## Stored data
▬▬▬▬▬▬▬▬▬▬

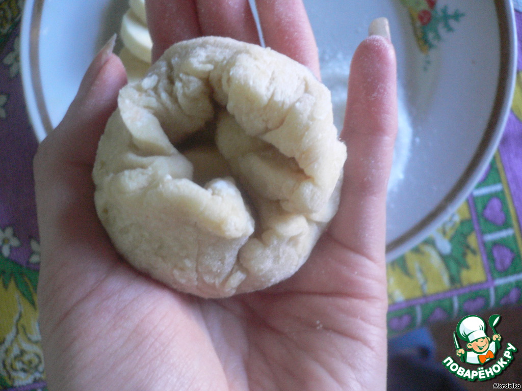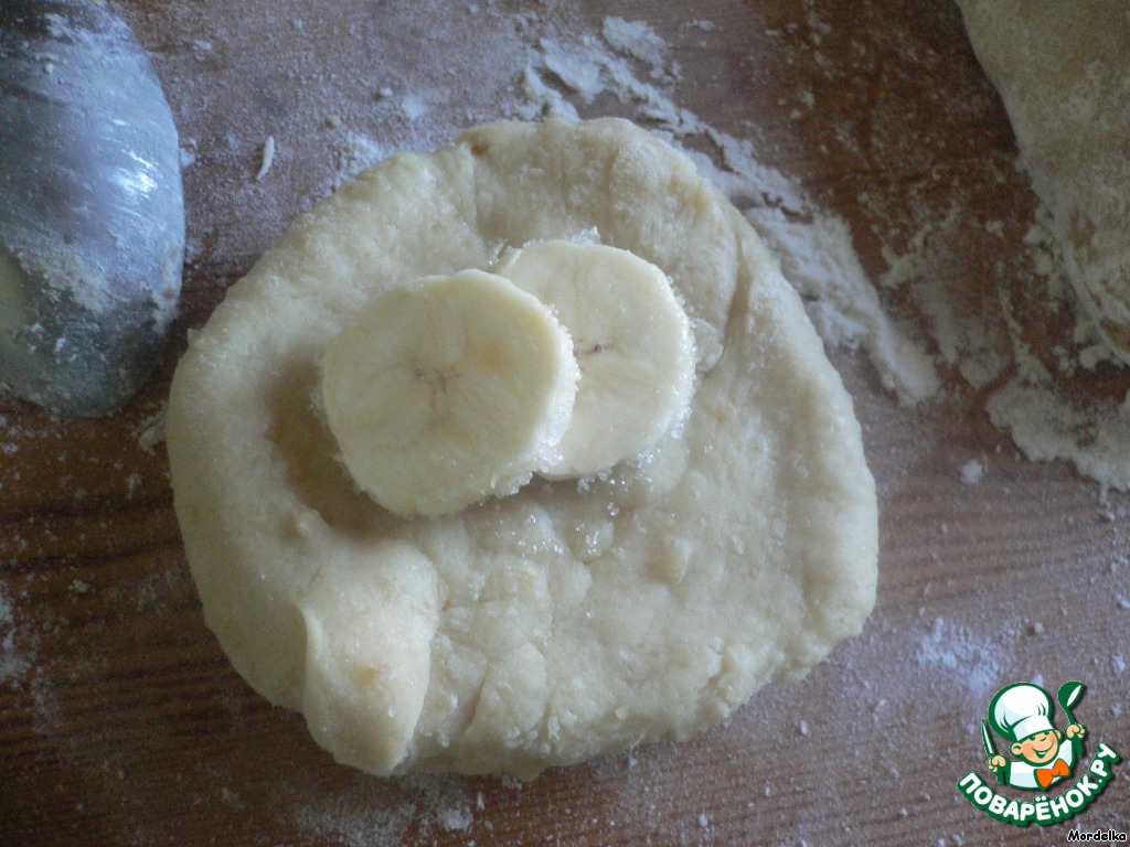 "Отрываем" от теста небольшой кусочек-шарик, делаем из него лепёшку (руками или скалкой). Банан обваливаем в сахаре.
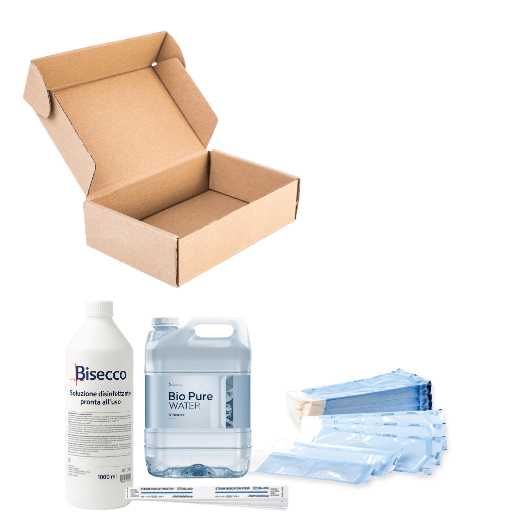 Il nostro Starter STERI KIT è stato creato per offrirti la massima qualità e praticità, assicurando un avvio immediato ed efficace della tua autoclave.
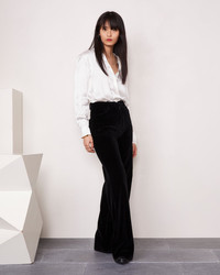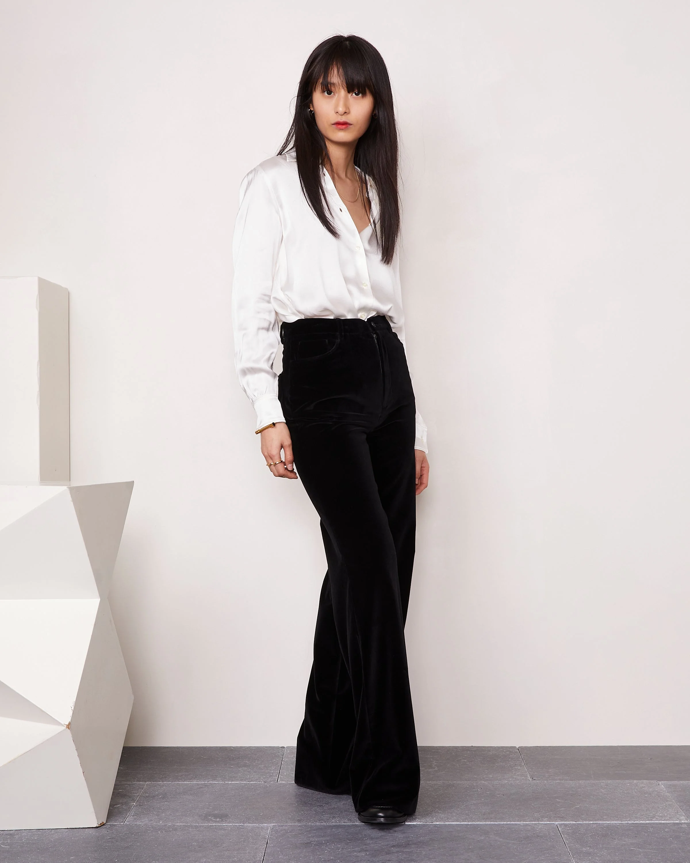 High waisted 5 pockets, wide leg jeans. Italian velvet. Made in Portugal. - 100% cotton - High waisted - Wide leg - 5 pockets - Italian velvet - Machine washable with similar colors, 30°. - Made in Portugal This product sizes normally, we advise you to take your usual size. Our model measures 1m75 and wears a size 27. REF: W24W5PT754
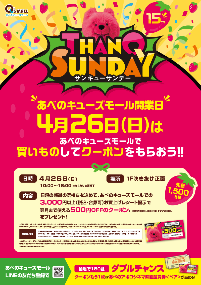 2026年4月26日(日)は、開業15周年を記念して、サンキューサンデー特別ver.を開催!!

▬▬▬▬▬▬▬▬▬▬

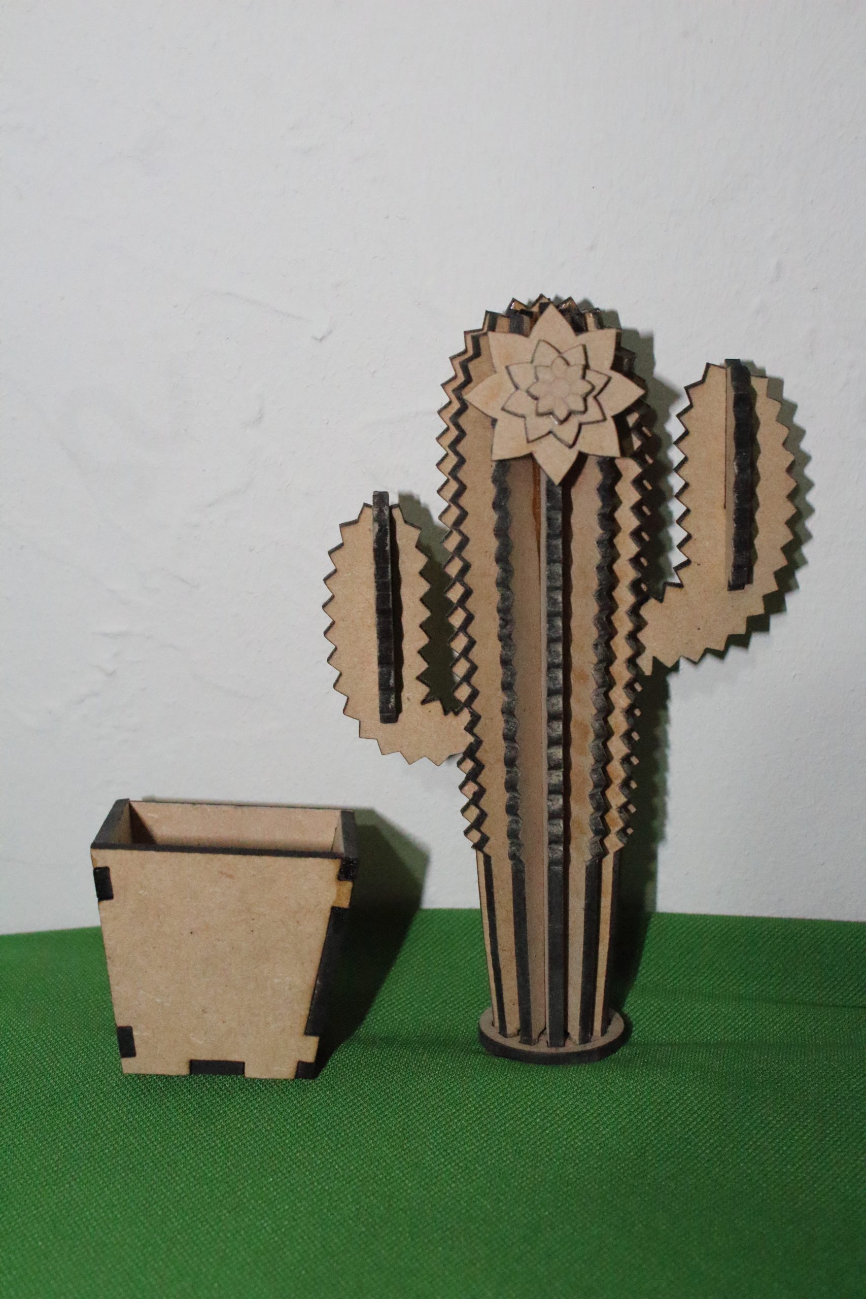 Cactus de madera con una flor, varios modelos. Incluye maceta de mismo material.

▬▬▬▬▬▬▬▬▬▬

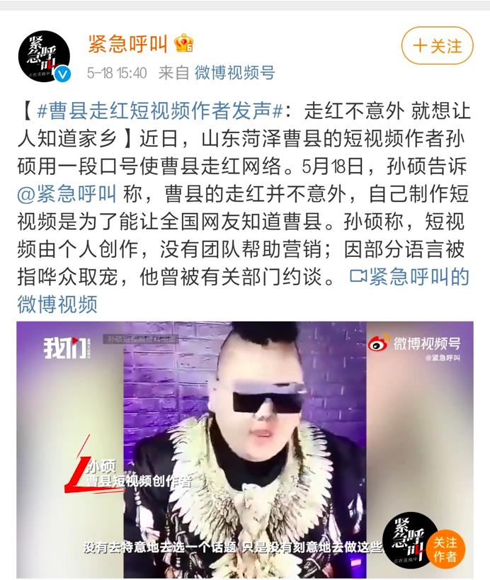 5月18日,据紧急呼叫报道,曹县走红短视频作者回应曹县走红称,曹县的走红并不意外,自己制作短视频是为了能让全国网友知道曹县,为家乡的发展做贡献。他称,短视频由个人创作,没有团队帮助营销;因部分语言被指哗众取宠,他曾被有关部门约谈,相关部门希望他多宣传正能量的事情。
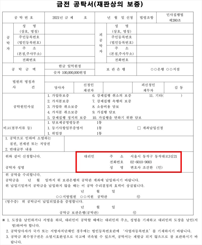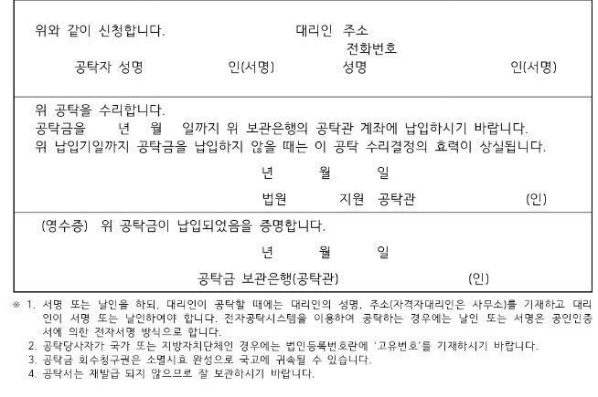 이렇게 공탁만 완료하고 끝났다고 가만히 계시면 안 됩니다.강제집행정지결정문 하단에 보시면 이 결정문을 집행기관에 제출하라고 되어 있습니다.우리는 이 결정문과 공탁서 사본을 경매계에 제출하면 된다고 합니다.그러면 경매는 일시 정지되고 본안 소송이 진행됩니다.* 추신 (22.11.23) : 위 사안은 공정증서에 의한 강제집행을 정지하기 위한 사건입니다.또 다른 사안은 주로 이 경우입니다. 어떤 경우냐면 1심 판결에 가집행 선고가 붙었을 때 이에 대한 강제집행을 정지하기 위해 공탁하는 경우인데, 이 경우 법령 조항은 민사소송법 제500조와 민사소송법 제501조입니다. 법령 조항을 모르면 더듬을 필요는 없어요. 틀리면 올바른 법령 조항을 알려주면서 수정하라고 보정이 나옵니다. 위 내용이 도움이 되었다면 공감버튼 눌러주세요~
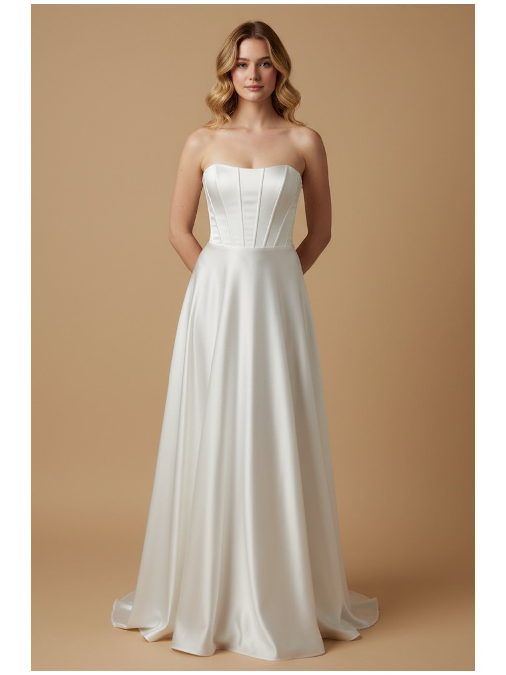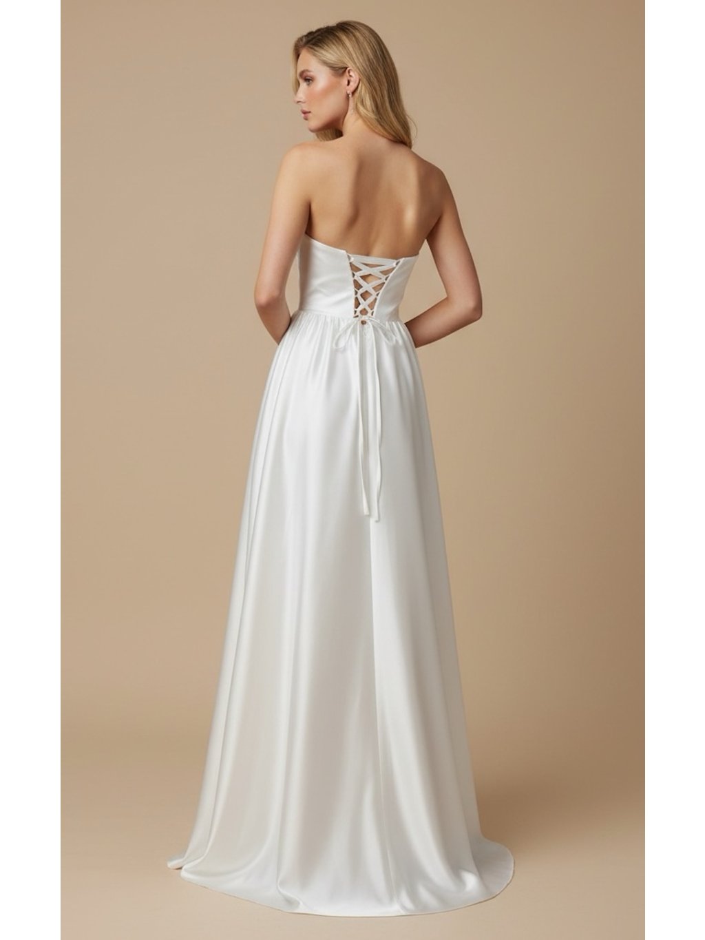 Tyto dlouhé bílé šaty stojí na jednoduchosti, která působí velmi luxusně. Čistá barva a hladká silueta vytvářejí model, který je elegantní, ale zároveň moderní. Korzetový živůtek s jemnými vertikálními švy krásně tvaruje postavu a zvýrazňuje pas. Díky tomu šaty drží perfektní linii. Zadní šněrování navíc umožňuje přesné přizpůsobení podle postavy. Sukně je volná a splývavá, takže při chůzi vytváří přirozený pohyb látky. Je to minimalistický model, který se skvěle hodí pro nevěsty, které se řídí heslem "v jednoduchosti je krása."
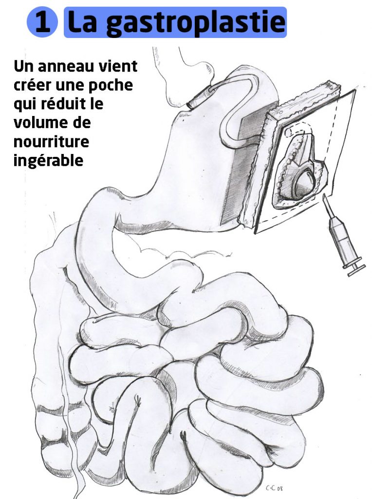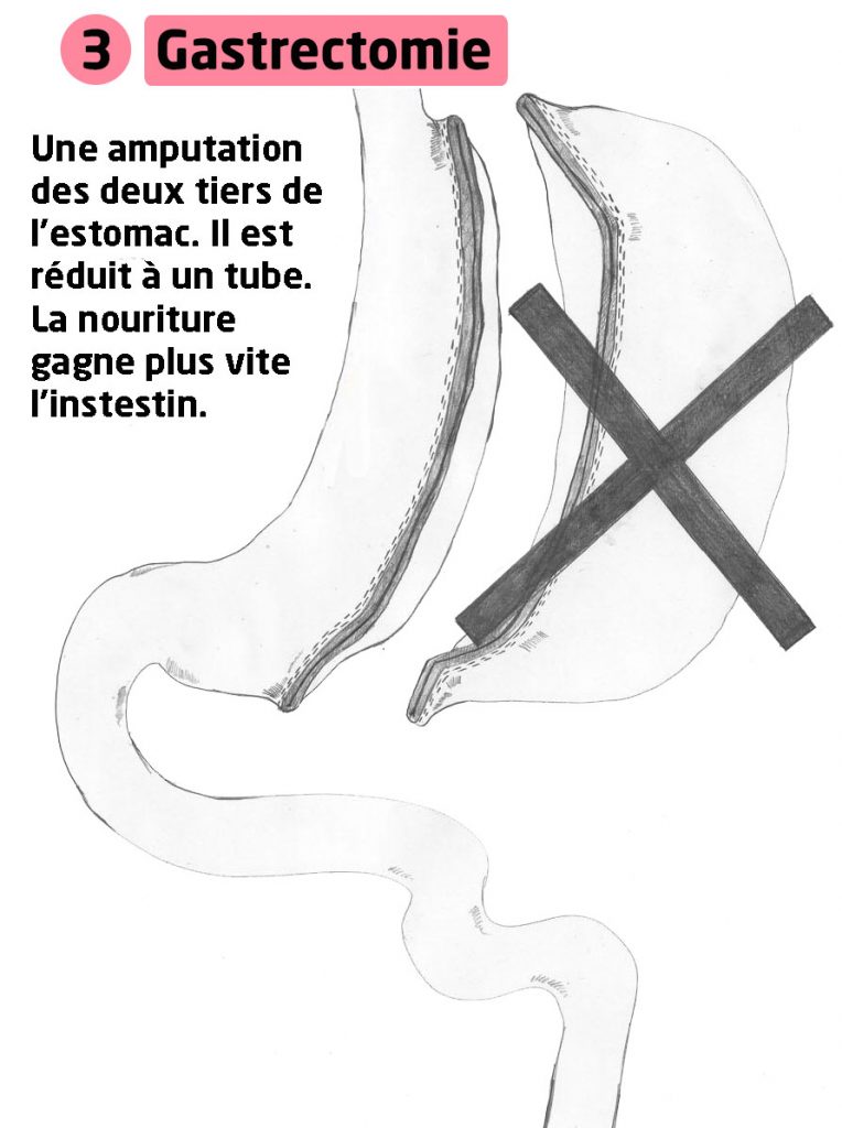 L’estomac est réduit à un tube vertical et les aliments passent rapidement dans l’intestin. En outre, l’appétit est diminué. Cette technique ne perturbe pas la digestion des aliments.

▬▬▬▬▬▬▬▬▬▬

## The problem
Repeat exactly, and only, the entries from the line with "обваливаем в сахаре." through the line with "Il nostro Starter". Pictures are skipped.

## Answer to this problem
 "Отрываем" от теста небольшой кусочек-шарик, делаем из него лепёшку (руками или скалкой). Банан обваливаем в сахаре.
 Il nostro Starter STERI KIT è stato creato per offrirti la massima qualità e praticità, assicurando un avvio immediato ed efficace della tua autoclave.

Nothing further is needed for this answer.